> **Requirement**
Every line of the listing below is to be duplicated exactly, with the pictures left out.

> **Working data**
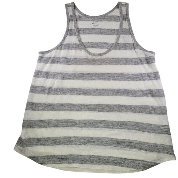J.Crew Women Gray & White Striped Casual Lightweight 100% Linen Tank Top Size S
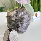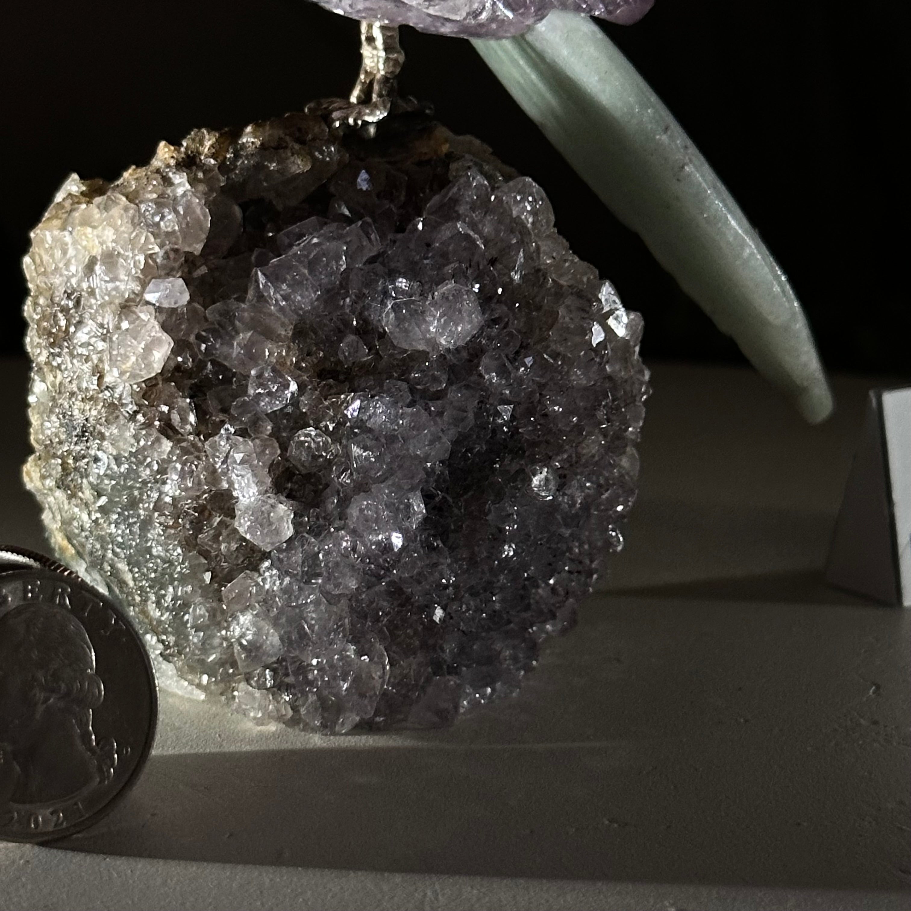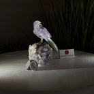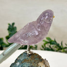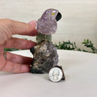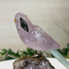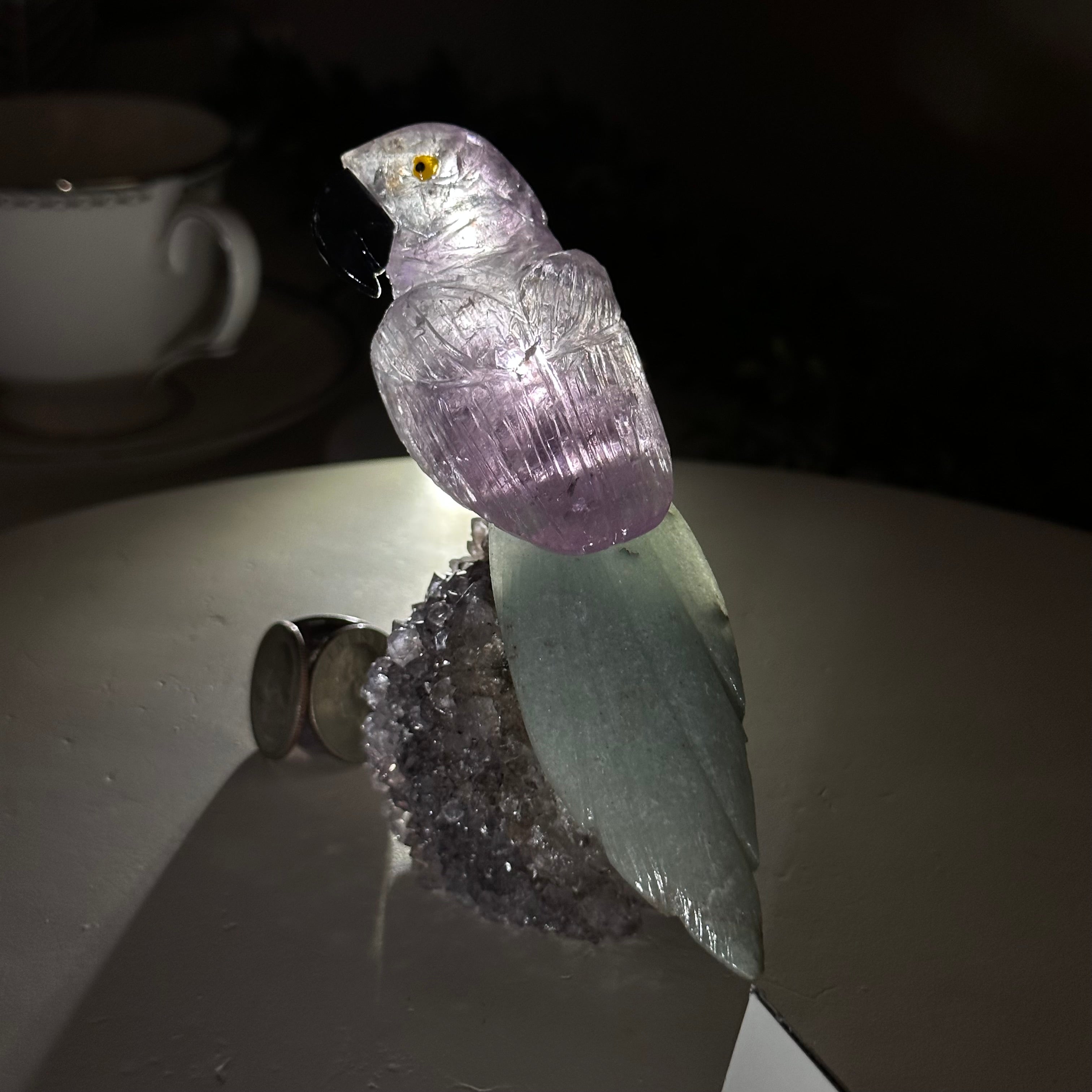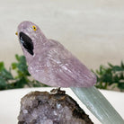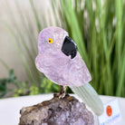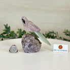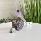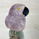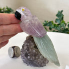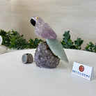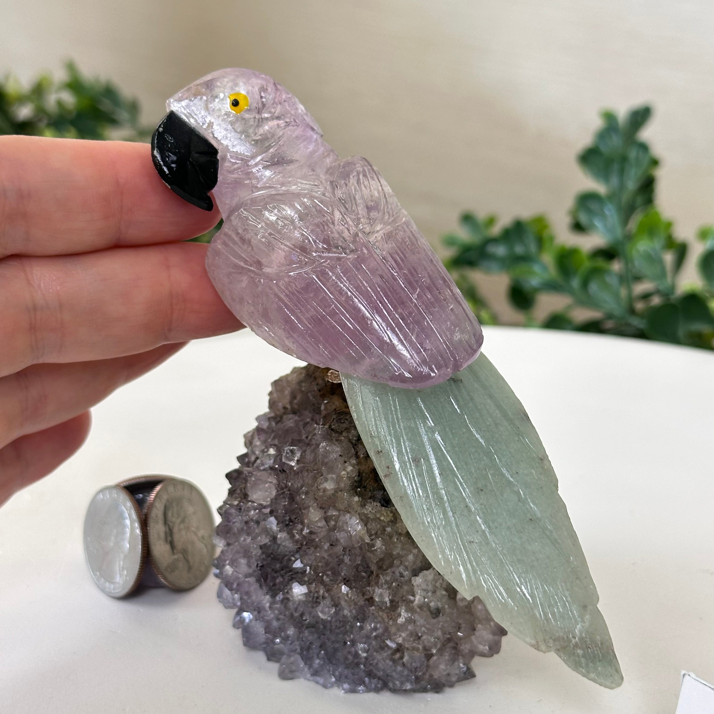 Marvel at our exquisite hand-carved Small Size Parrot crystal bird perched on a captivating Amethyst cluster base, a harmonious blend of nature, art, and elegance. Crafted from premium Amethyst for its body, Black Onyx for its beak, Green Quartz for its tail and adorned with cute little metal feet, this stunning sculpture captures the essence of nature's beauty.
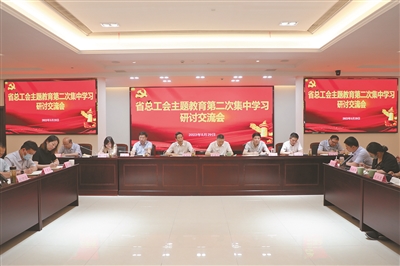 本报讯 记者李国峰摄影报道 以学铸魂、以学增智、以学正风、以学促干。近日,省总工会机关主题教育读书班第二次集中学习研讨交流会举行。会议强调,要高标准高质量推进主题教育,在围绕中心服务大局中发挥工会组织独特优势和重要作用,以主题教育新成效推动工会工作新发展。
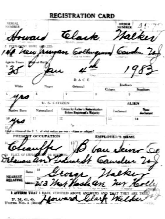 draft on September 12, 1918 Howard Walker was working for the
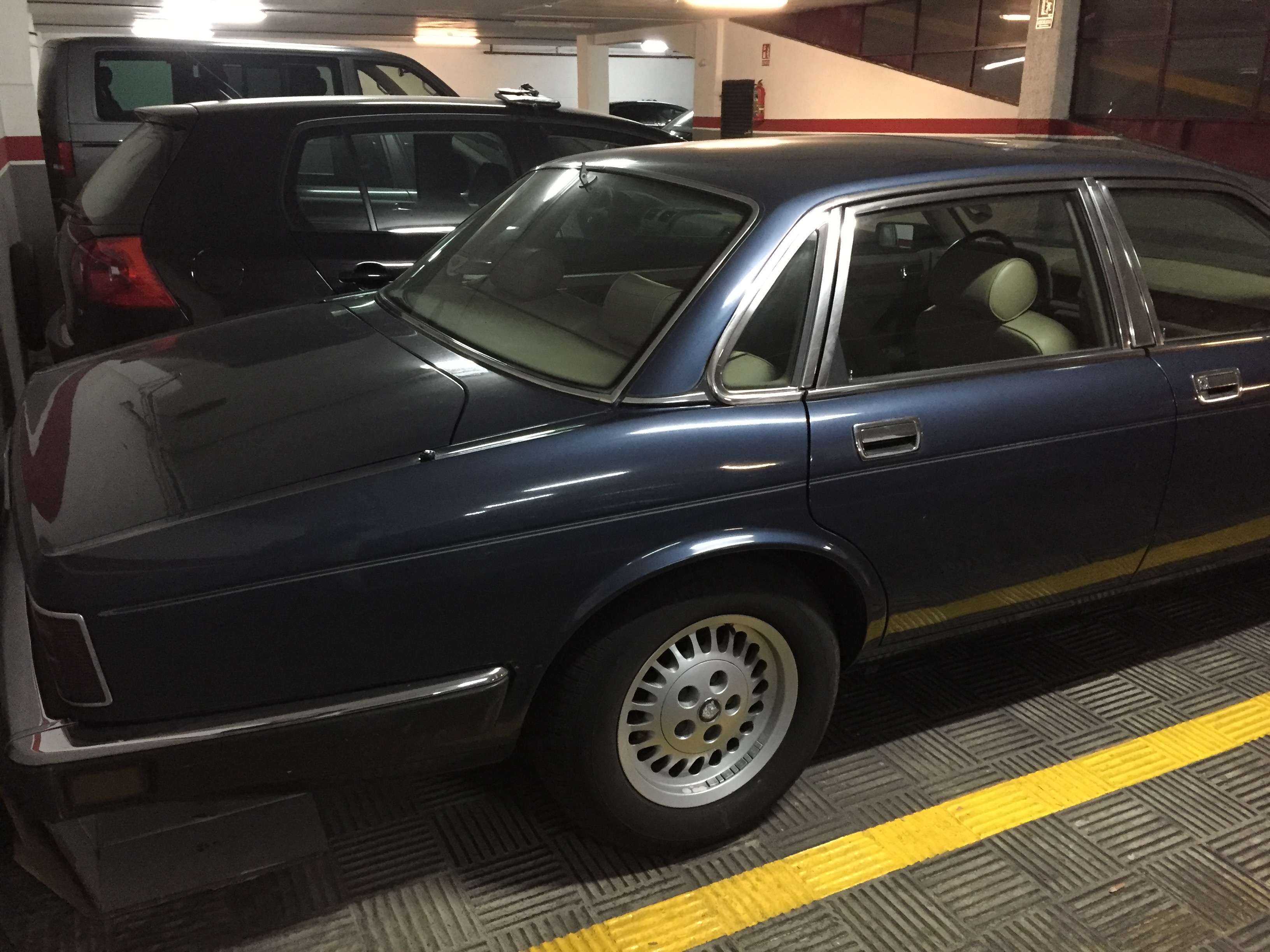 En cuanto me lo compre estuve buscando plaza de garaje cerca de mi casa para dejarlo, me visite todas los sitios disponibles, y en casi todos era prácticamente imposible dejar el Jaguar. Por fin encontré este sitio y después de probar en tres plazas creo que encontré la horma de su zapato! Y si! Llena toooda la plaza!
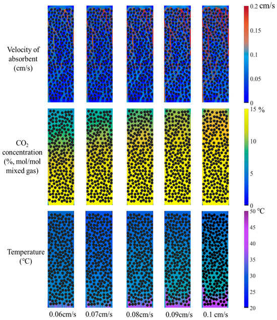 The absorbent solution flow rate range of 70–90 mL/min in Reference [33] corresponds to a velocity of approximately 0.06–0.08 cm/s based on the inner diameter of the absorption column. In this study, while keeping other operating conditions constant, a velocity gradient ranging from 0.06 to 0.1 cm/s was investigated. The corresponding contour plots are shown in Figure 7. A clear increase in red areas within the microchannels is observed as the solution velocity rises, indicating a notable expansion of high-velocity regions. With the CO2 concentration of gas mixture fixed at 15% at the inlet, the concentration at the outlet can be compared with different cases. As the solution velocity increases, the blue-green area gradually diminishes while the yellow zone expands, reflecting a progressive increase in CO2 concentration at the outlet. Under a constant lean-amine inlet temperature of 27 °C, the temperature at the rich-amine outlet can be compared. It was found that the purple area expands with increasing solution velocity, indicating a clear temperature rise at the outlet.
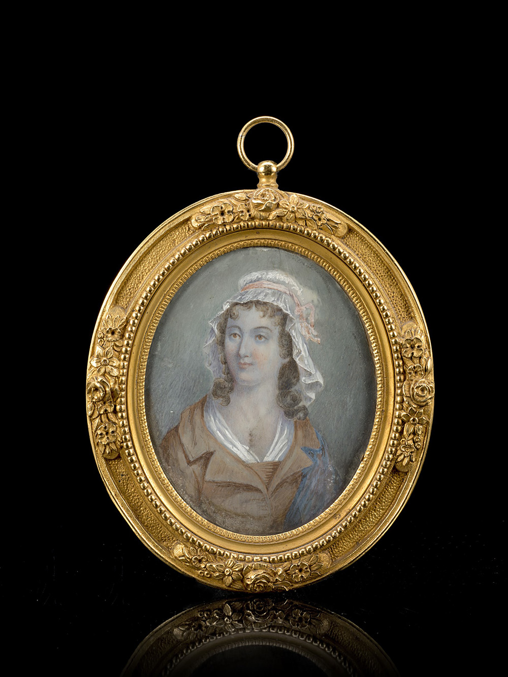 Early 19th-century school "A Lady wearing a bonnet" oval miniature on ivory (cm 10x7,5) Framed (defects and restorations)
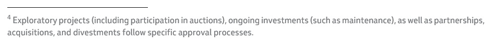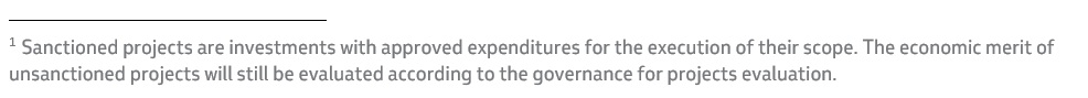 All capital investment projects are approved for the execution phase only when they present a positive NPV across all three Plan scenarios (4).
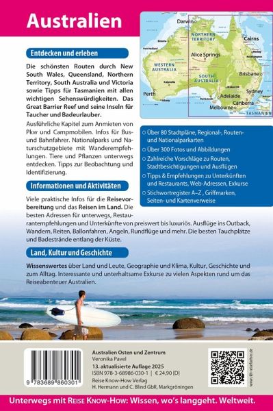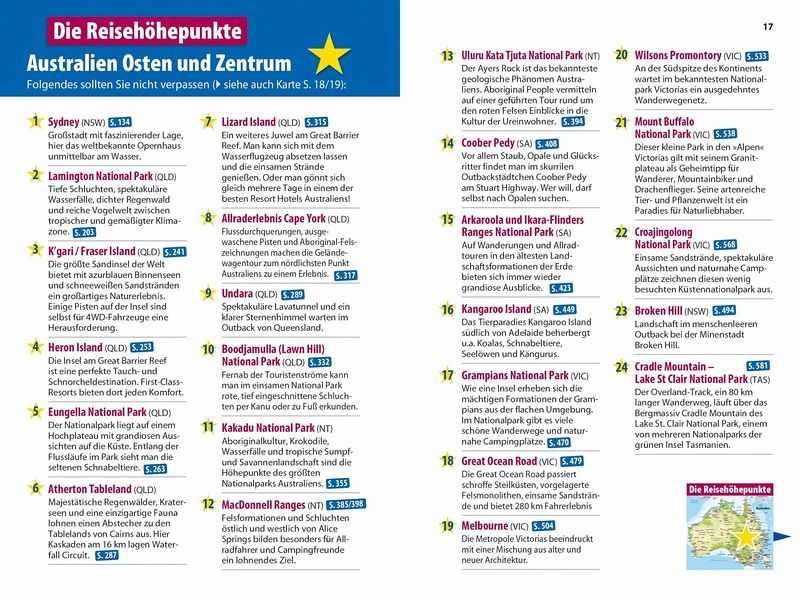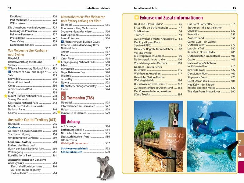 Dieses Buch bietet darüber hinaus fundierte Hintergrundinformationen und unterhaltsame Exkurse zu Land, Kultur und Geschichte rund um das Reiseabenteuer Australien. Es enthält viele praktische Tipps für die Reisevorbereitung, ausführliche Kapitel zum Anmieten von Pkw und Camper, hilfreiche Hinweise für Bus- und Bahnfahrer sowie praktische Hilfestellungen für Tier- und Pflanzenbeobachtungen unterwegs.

> **Result below**
J.Crew Women Gray & White Striped Casual Lightweight 100% Linen Tank Top Size S
 Marvel at our exquisite hand-carved Small Size Parrot crystal bird perched on a captivating Amethyst cluster base, a harmonious blend of nature, art, and elegance. Crafted from premium Amethyst for its body, Black Onyx for its beak, Green Quartz for its tail and adorned with cute little metal feet, this stunning sculpture captures the essence of nature's beauty.
 本报讯 记者李国峰摄影报道 以学铸魂、以学增智、以学正风、以学促干。近日,省总工会机关主题教育读书班第二次集中学习研讨交流会举行。会议强调,要高标准高质量推进主题教育,在围绕中心服务大局中发挥工会组织独特优势和重要作用,以主题教育新成效推动工会工作新发展。
 draft on September 12, 1918 Howard Walker was working for the
 En cuanto me lo compre estuve buscando plaza de garaje cerca de mi casa para dejarlo, me visite todas los sitios disponibles, y en casi todos era prácticamente imposible dejar el Jaguar. Por fin encontré este sitio y después de probar en tres plazas creo que encontré la horma de su zapato! Y si! Llena toooda la plaza!
 The absorbent solution flow rate range of 70–90 mL/min in Reference [33] corresponds to a velocity of approximately 0.06–0.08 cm/s based on the inner diameter of the absorption column. In this study, while keeping other operating conditions constant, a velocity gradient ranging from 0.06 to 0.1 cm/s was investigated. The corresponding contour plots are shown in Figure 7. A clear increase in red areas within the microchannels is observed as the solution velocity rises, indicating a notable expansion of high-velocity regions. With the CO2 concentration of gas mixture fixed at 15% at the inlet, the concentration at the outlet can be compared with different cases. As the solution velocity increases, the blue-green area gradually diminishes while the yellow zone expands, reflecting a progressive increase in CO2 concentration at the outlet. Under a constant lean-amine inlet temperature of 27 °C, the temperature at the rich-amine outlet can be compared. It was found that the purple area expands with increasing solution velocity, indicating a clear temperature rise at the outlet.
 Early 19th-century school "A Lady wearing a bonnet" oval miniature on ivory (cm 10x7,5) Framed (defects and restorations)
 All capital investment projects are approved for the execution phase only when they present a positive NPV across all three Plan scenarios (4).
 Dieses Buch bietet darüber hinaus fundierte Hintergrundinformationen und unterhaltsame Exkurse zu Land, Kultur und Geschichte rund um das Reiseabenteuer Australien. Es enthält viele praktische Tipps für die Reisevorbereitung, ausführliche Kapitel zum Anmieten von Pkw und Camper, hilfreiche Hinweise für Bus- und Bahnfahrer sowie praktische Hilfestellungen für Tier- und Pflanzenbeobachtungen unterwegs.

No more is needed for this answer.